(reading dump post)
So recently I've been reading a number of finance books. I particularly enjoyed Derman's book My Life as a Quant: Reflections on Physics and Finance. Some of my favorite quotes:
I identified with this, though on a smaller scale:
I had a passion for the content of physics, but I was also possessed by a hungry ambition for its earthly rewards. Both passion and hunger persisted over the years, despite the inevitable disappointments. Ten years later, as a postdoctoral researcher at Oxford in 1976, I experienced a minor epiphany about ambition's degradation. At age 16 or 17, I had wanted to be another Einstein; at 21, I would have been happy to be another Feynman; at 24, a future T. D. Lee would have sufficed. By 1976, sharing an office with other postdoctoral researchers at Oxford, I realized that I had reached the point where I merely envied the postdoc in the office next door because he had been invited to give a seminar in France.

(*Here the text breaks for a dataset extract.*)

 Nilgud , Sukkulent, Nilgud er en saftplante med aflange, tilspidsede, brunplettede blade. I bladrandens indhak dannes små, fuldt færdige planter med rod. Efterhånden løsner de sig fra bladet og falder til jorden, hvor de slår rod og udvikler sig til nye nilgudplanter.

In much the same way, by a process options theorists call time decay, financial stock options lose their potential as they approach their own expiration.

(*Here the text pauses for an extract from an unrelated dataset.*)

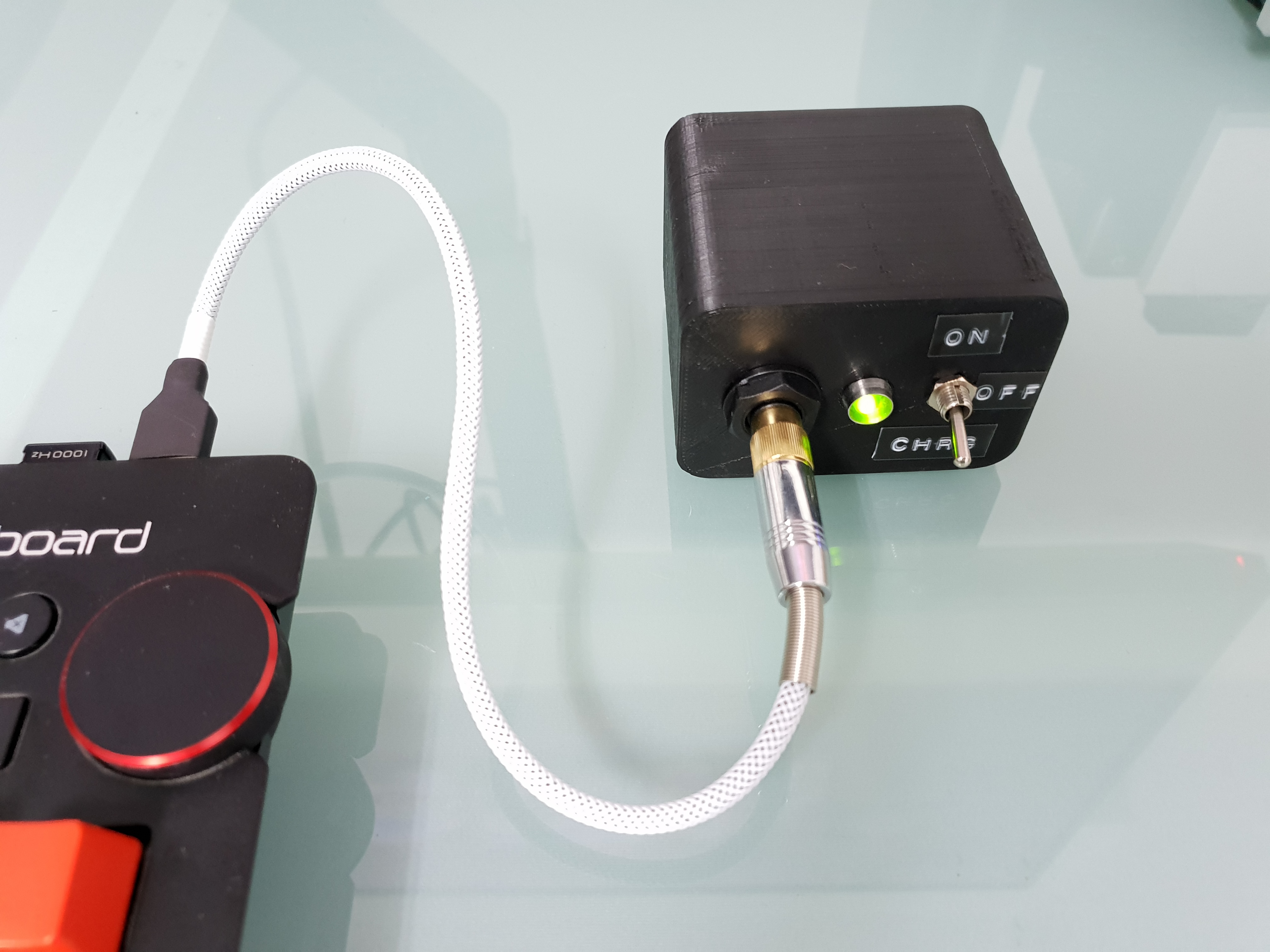 To charge the device, since the charging port is also the audio input, I came up with this unusual cable :

He spends a lot of time describing the difference between academic, public-sector, and corporate life. The following excerpt is a nice capture:
I spent one month that summer in Erice, a beautiful town high above Trapani in western Sicily, where I attended the annual Ettore Majorana particle physics summer school. Up on the mountain I had a tantalizing glimpse of the life of successful physicists on the conference circuit, who visited exotic places each summer. I sat with some of them in the town plaza, smoking cigarettes and sipping Italian aperitifs. One morning I had a hot shave at the local barber shop, where I lay tilted back in a heavy leather chair while the barber sharpened his razor on a strop. Years later i met corporate lawyers and Wall Street salesmen who touted the fringe benefits of their jobs -- first-class flights, expensive meals, and fancy hotels. I silently scorned their focus on the material benefits of work. In physics, I thought, the life itself was the benefit; talking about physics to interesting people in interesting places was the main dish, not the cutlery.
And I thought the following observation interesting, though I don't know enough of immigrant mentality to really understand it:
Most quants, then and now, came from abroad because immigrants often see the quickest path to success in hands-on work. It's the next generation that prefers management and business school.
Some particularly expressive reader had underlined it in pencil and written 'True!!' next to it.
I think
this CosmicVariance post deals with some of the issues mentioned in the book. (physics, genius, hard work, useful achievement)
But I'm curious about the finance part too.. so I'm currently working through
this book, which is a nice minimal-technical introduction to derivatives.